The 1980 amendment was used to add certain portions of the Cibola National Forest to the Wilderness area. In 1982, the boundaries were changed to transfer some of the wilderness land to Albuquerque, but the new acreage was never declared. Finally, in 1984, the San Juan Basin located in the northwest corner of New Mexico was put under the protection of the Wilderness Act and made a part of the Sandia Mountain Wilderness. Since then, no new boundary amendments have been made.

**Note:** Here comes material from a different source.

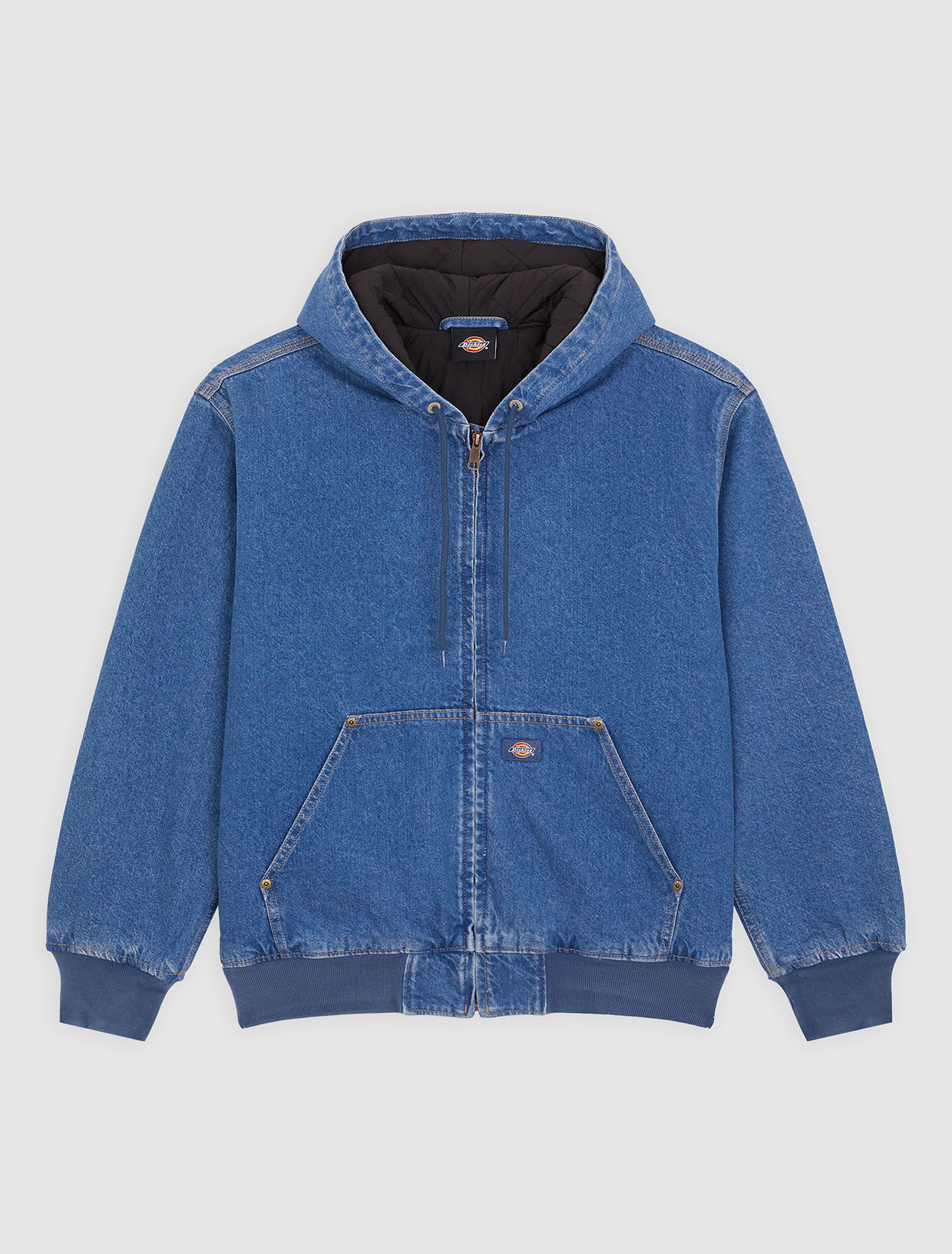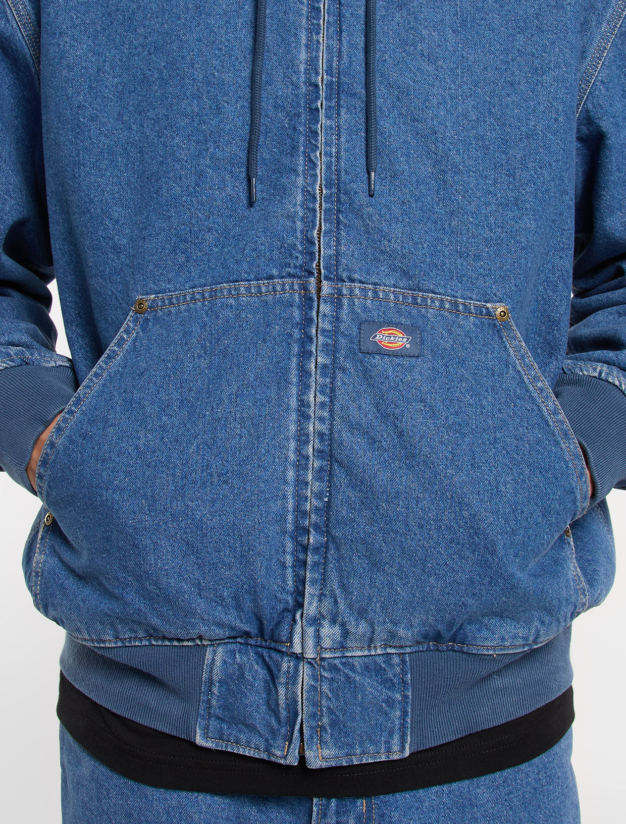 - Front kangaroo pockets with rivets

Some of the most common animals seen in the Sandia Wilderness are mule deer, black bears, raccoons, bobcats, and various species of squirrel. There are also many birds of prey that live and migrate within the Sandia Mountain Wilderness including golden eagles and various species of hawks. Other birds such as roadrunners, Steller's Jays, ravens, and canyon wrens can also be found on in the mountains.
The upper parts of the Sandia Mountains have a lot of tree cover made up mostly of firs and spruce trees, with ponderosas and conifers inhabiting the middle elevations.

== Paths and trails ==
The Sandia Mountain Wilderness has one of the longest tramways in the world, traveling 2.7 mi and climbing nearly 4000 ft to the crest of the Sandias. The Sandia Peak Aerial Tramway was designed by a team of Swiss engineers that had designed similar systems in the Alps. The tram has never had an accident or injury since its opening in 1966. The tram passes two towers along its trip at elevations of 7010 ft and 8750 ft. The top terminal is at an elevation of 10300 ft.

Once at the crest of the Sandia Mountains, there are approximately 26.5 mi of trail that run along the ridge (known as Crest Trail) at an average elevation of 10000 ft. In addition to Crest Trail, the Sandia Mountain Wilderness has around 117 mi worth of trails that are maintained by the Forest Service.